For Africa, this has meant nonstop subjection to an increasingly systematic plunder of people and resources that has been unrelenting to this day. First was the brutal kidnapping of tens of millions of Africans to replace the indigenous American workforce that had been wiped out by the Europeans. The slave trade was devastating for African economies, which were rarely able to withstand the population collapse; but the capital it created for plantation owners in the Caribbean laid the foundations for Europe’s industrial revolution.
Throughout the 18th and 19th centuries, as more and more precious materials were found in Africa (especially tin, rubber, gold and silver), the theft of land and resources ultimately resulted in the so-called “Scramble for Africa” of the 1870s, when, over the course of a few years, Europeans divided up the entire continent (with the exception of Ethiopia) among themselves. By this point, the world’s economy was becoming an integrated whole, with Africa providing the basis for European industrial development as Africans were stripped of their land and forced down gold mines and onto rubber plantations.
After World War II, the European powers, weakened by years of unremitting industrial slaughter of each other, contrived to adapt colonialism to the new conditions in which they found themselves.
As liberation movements grew in strength, the European powers confronted a new economic reality—the cost of subduing the “restless natives” was near the level of wealth they were able to extract from them. Their favored solution was what Kwame Nkrumah termed “neo-colonialism”— handing over the formal attributes of sovereignty to trusted handpicked cronies who would allow the economic exploitation of their countries to continue unabated—adapting colonialism so that Africans were forced to shoulder the burden and cost of policing their own populations.
Demanding Control
In practice, it wasn’t that simple. All across Asia, Africa, and Latin America, mass movements began to demand control of their own resources, and in many places, these movements managed to gain power; sometimes through guerrilla struggle, sometimes through the ballot box. This led to vicious wars by the European powers—now under the leadership of their upstart protege, the U.S.—to destroy such movements. This struggle, not the so-called Cold War, is what defined the history of post-war interna tional relations.
So far, neo-colonialism has largely been a successful project for the Europeans and the U.S. Africa’s role as provider of cheap, often slave, labor and minerals has largely continued unabated. Poverty and disunity have been the essential ingredients that have allowed this exploitation to continue.
Preventing the “Threat”
Chinese investment in Africa over the past ten years has been building up African industry and infrastructure in a way that may begin to seriously tackle the continent’s poverty. In China, these policies have brought about unprecedented reductions in poverty and have helped lift the country into the position it will shortly hold as the world’s leading economic power. If Africa follows this model, or anything like it, the West’s 500 year plunder of Africa’s wealth may be nearing a close.

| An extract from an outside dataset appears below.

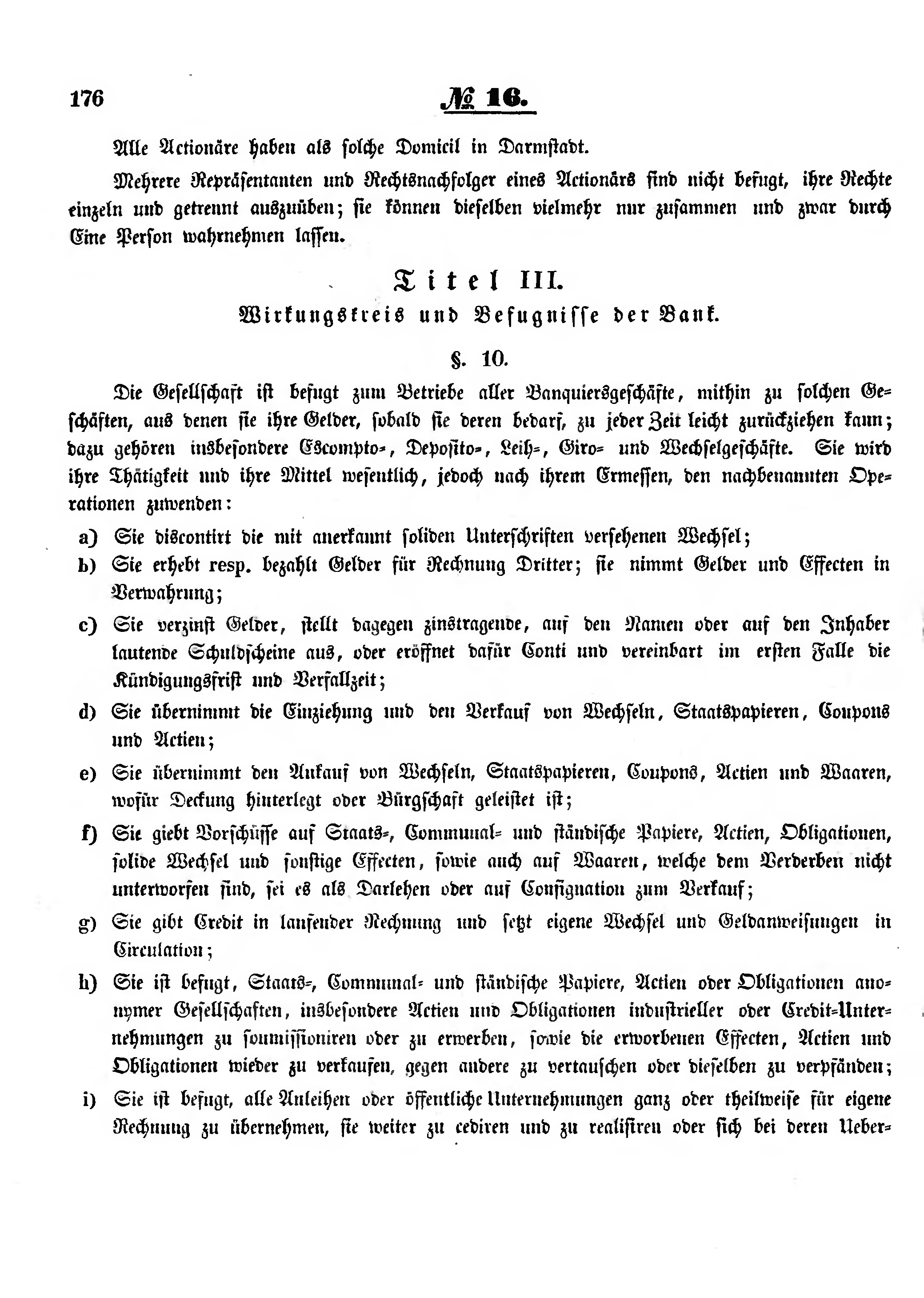 - h) Sie ist befugt, Staats-, Communal- und ständische Papiere, Actien oder Obligationen anonymer Gesellschaften, insbesondere Actien und Obligationen industrieller oder Credit-Unternehmungen zu soumissioniren oder zu erwerben, sowie die erworbenen Effecten, Actien und Obligationen wieder zu verkaufen, gegen andere zu vertauschen oder dieselben zu verpfänden;
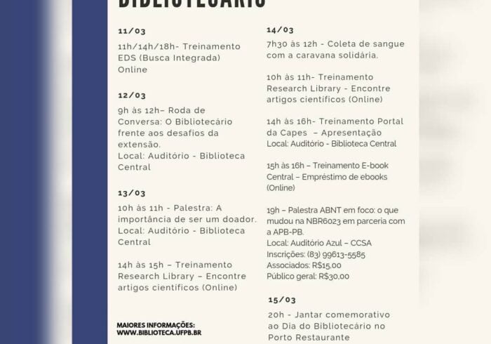14 abr 23 admin III Semana do Bibliotecário Programação para semana dos(as) Bibliotecários(as)? .A @bibliocentralufpb em parceira com a @apbparaiba organizaram uma programação imperdível. 11 a 15…

To prevent this “threat of African development,” the Europeans and the U.S. have responded the only way they know how—militarily. Four years ago, the U.S. set up a new command and control center for the military subjugation of Africa, called AFRI- COM. The problem for the U.S. was that no African country wanted to host them. Until recently, Africa was the only continent in the world without a U.S. military base, and this fact is, in no small part, due to the efforts of the Libyan government.
Before Gaddafi’s revolution deposed the British-backed King Idris in 1969, Libya had hosted one of the world’s biggest U.S. airbases—Wheelus, located in Tripoli. But within a year of the revolution, it was closed down and all foreign military personnel were expelled. More recently, Gaddafi had been actively working to scuttle AFRI- COM. African governments that were offered money by the U.S. to host a base were typically offered double by Gaddafi to refuse it. In 2008, this ad- hoc opposition crystallized into a formal rejection of AFRICOM by the African Union.
Perhaps even more worrying for U.S. and European domination of the continent were the huge resources that Gaddafi was channeling into African development. The Libyan government was by far the largest investor in Africa’s first satellite, launched in 2007, which freed Africa from $500 million per year in payments to European satellite companies. Libya had also allocated $30 billion for the African Union’s three big financial projects aimed at ending African dependence on Western finance.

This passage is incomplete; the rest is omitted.